Today we reflect on the brief but luminous life of John Keats – struck down by tuberculosis on this day in 1821 at the age of 25. Little known and lowly regarded in his lifetime, the dying poet – resigned to eternal obscurity – insisted his grave in the Protestant Cemetery in Rome be left anonymous and his epitaph read only: “Here lies One Whose Name was writ in Water.” Some three decades after his death, however, the world would begin to recognise that John Keats had in fact been one of the greatest English poets to have ever lived. In the three years of his poetic career, he published only fifty-four poems, in three slim volumes and a few magazines. But with his prodigiously rare gift and mystically sensual awareness of nature, love and life, he greatly advanced the poetic form – and, in his six legendary Odes – perfected it.

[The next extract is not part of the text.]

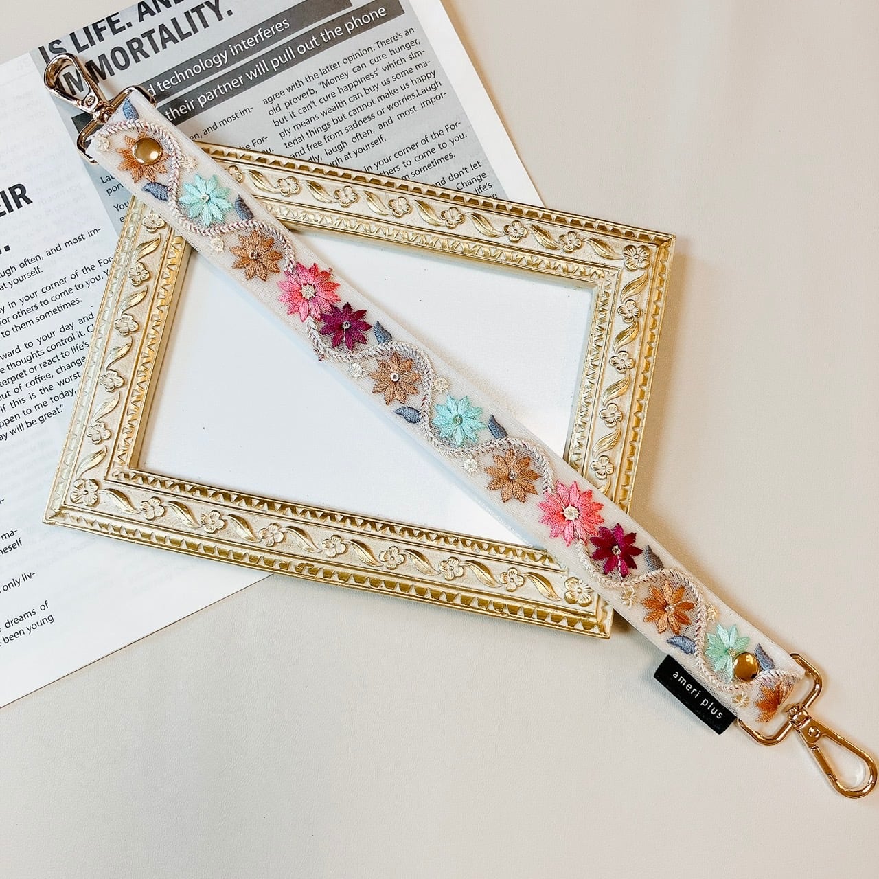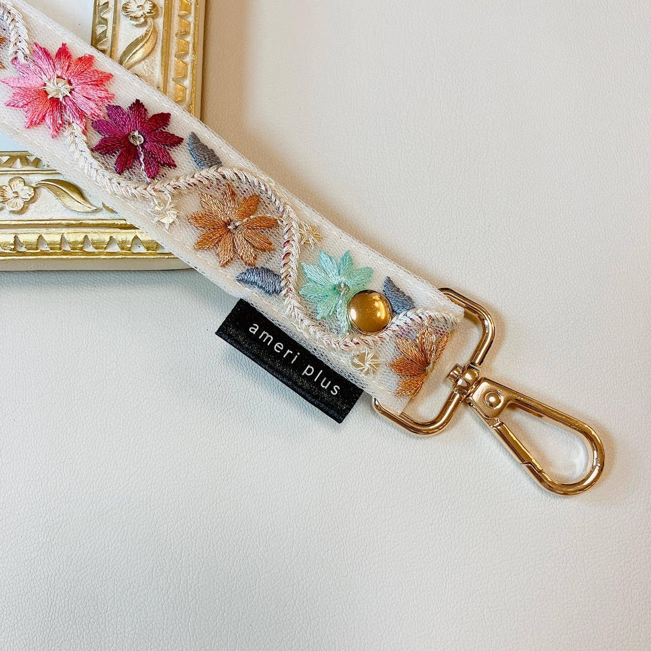【再販】manywayハンドストラップ《インド刺繍×フェイクレザー》アイボリー

The tragic, heart-rending tale of John Keats’ short life is one that all but equals the poignancy of the poems themselves: the early loss of his parents; cruelly cheated out of his inheritance; the abandonment of medical studies to devote his life instead to poetry; the abject poverty that followed; a beloved younger brother’s prolonged death from tuberculosis; the cruel and savage attacks on his work; a fiery love affair with Fanny Brawne never to be consummated; his own battle with the dreaded “White Plague”… all of which led inexorably to his embittered, premature death in Rome.

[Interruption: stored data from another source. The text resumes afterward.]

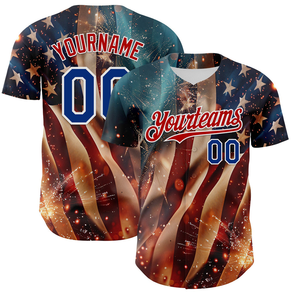 Maxcorners Custom Black USA Flag-White 3D Patriotic American Flag Premium Baseball Jersey LM0210
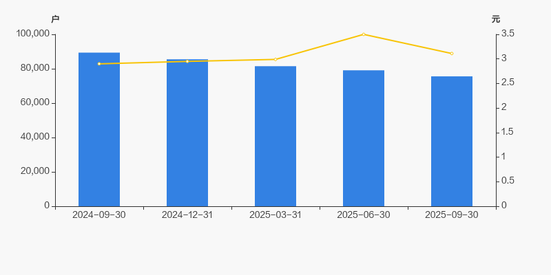 2024年9月30日至今,公司股东户数显著下降,区间跌幅为15.45%。2024年9月30日至2025年9月30日区间股价上涨7.33%。
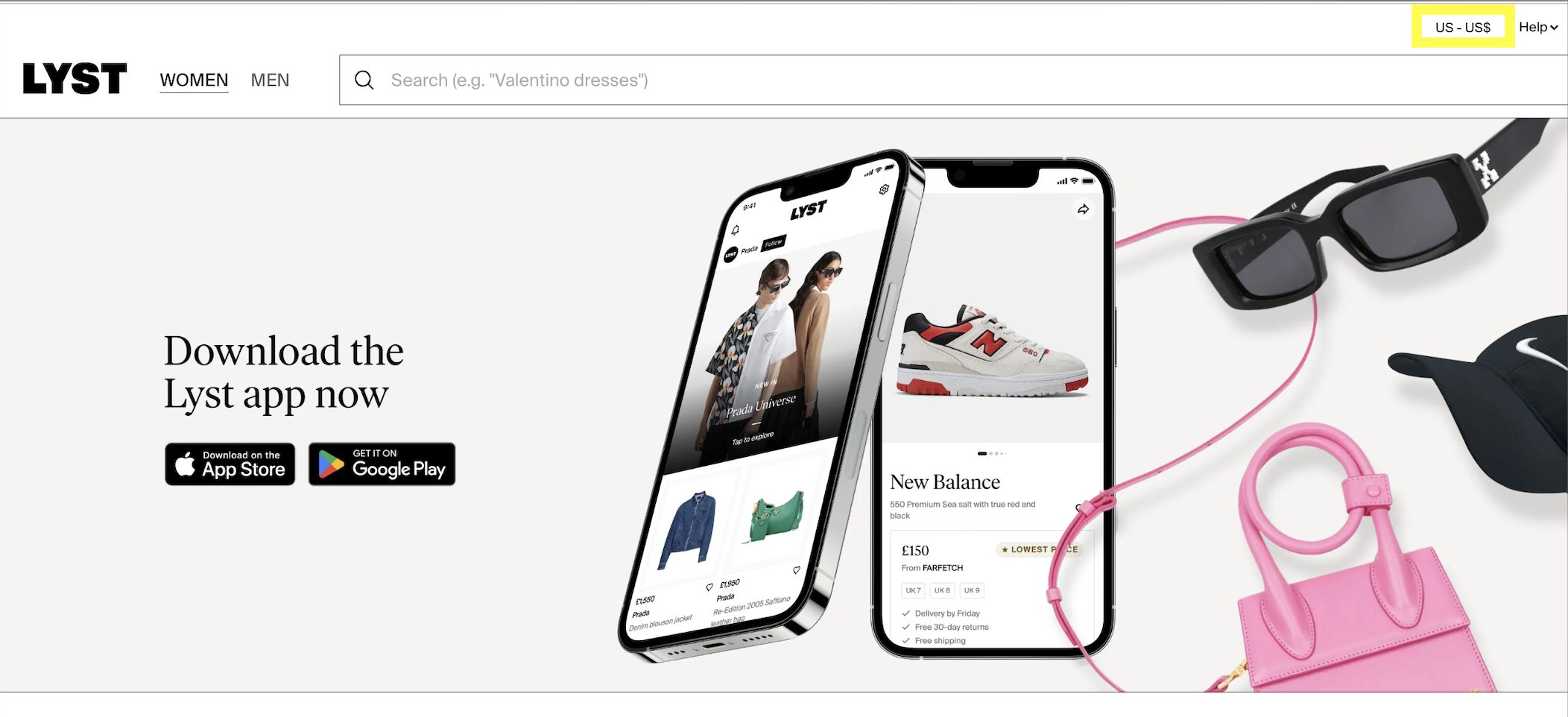 On www.lyst.com the first thing to check is whether you are searching in the correct region (as circled in the top right hand corner of the homepage). For example if you are integrated in the US, US-US$ should be selected.
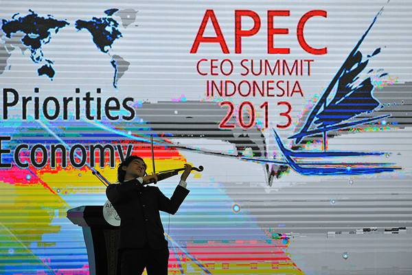 2013年10月6日,一名小提琴演奏家在印度尼西亞巴厘島舉行的2013APEC工商領導人峰會開幕式上演奏。
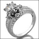 A superb eye-appealing engagement ring with high polished engraved shank, with round cut diamond color cubic zirconia center stone set in 6 prong tiffany setting, and surrounded with alot of gorgeous round cut cubic zirconia stones in pave share prong setting on the sides.
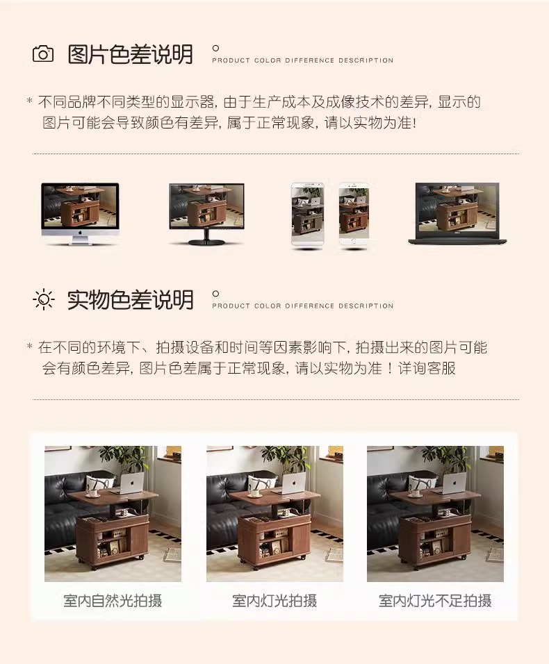전체 원목 접이식 사이드 캐비닛, 리프팅 가능한 소파 사이드 테이블, 거실 커피 테이블, 소형 아파트 이동식 다기능 트롤리스토어 가기
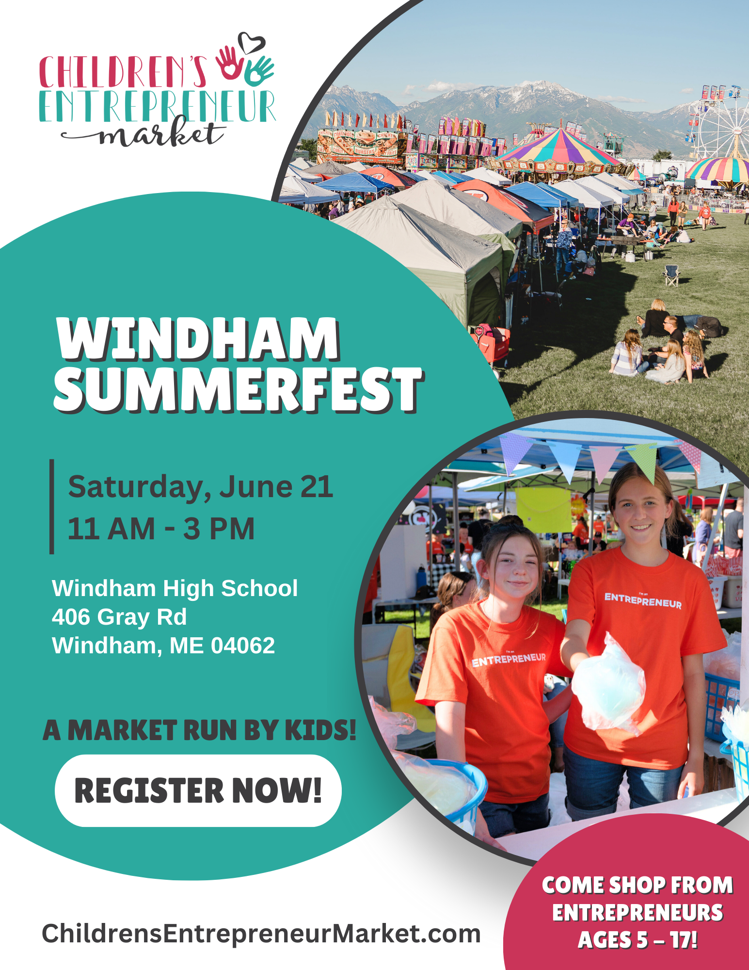 Join us at Windham Summerfest! The children’s market runs from 11am-3pm, then head out to enjoy an inflatable park, live music, jugglers, magicians, and more. We anticipate 500 patrons at this event!
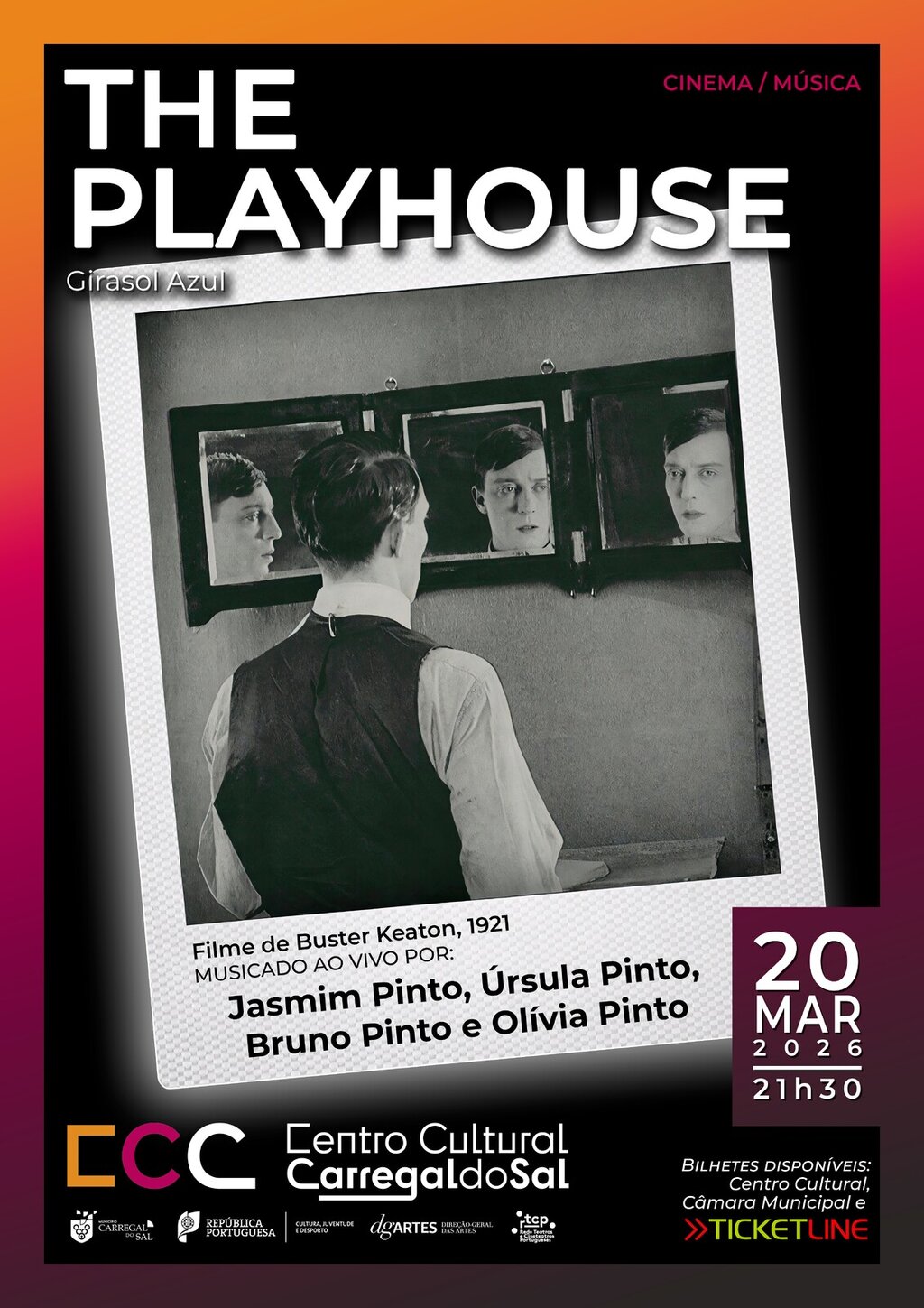 A jovem trompetista Jasmim Pinto estreia-se na área da composição com a criação de uma banda sonora inédita para o famoso filme ‘The Playhouse’ de Buster Keaton. Juntam-se na interpretação ao vivo Úrsula Pinto (violoncelo), Bruno Pinto (guitarra) e Olívia Pinto (baixo) para oferecerem uma nova leitura deste clássico onde Keaton joga com a relação

“Nothing is finer for the purposes of great productions than a very gradual ripening of the intellectual powers,” wrote John Keats to his brother on January 23rd 1818. What riches might he have brought forth had his own already-formidable intellectual powers been allowed to ripen with maturity? We can only lament the loss of such promise. But whilst mourning what might have been is inevitable when contemplating John Keats, on this anniversary of his death, let us instead celebrate the extraordinary, elevated ouevre he bestowed upon us. The beautiful Endymion – the target of such vicious and erroneous criticism. The abandoned epic Hyperion. The visionary theory of Negative Capability. A canon of some of the most compelling and insightful letters – by any literary figure – on the nature of the creative process. And, most of all, the Odes… those six explosions of perfect genius composed in quick succession in his “annus mirabilis” of 1819.

Percy Bysshe Shelley declared in Adonais, his famous elegy to Keats, that the young poet would be part of  “the white radiance of Eternity.” Nearly two centuries after his death, the poetry of John Keats is indeed forever luminous.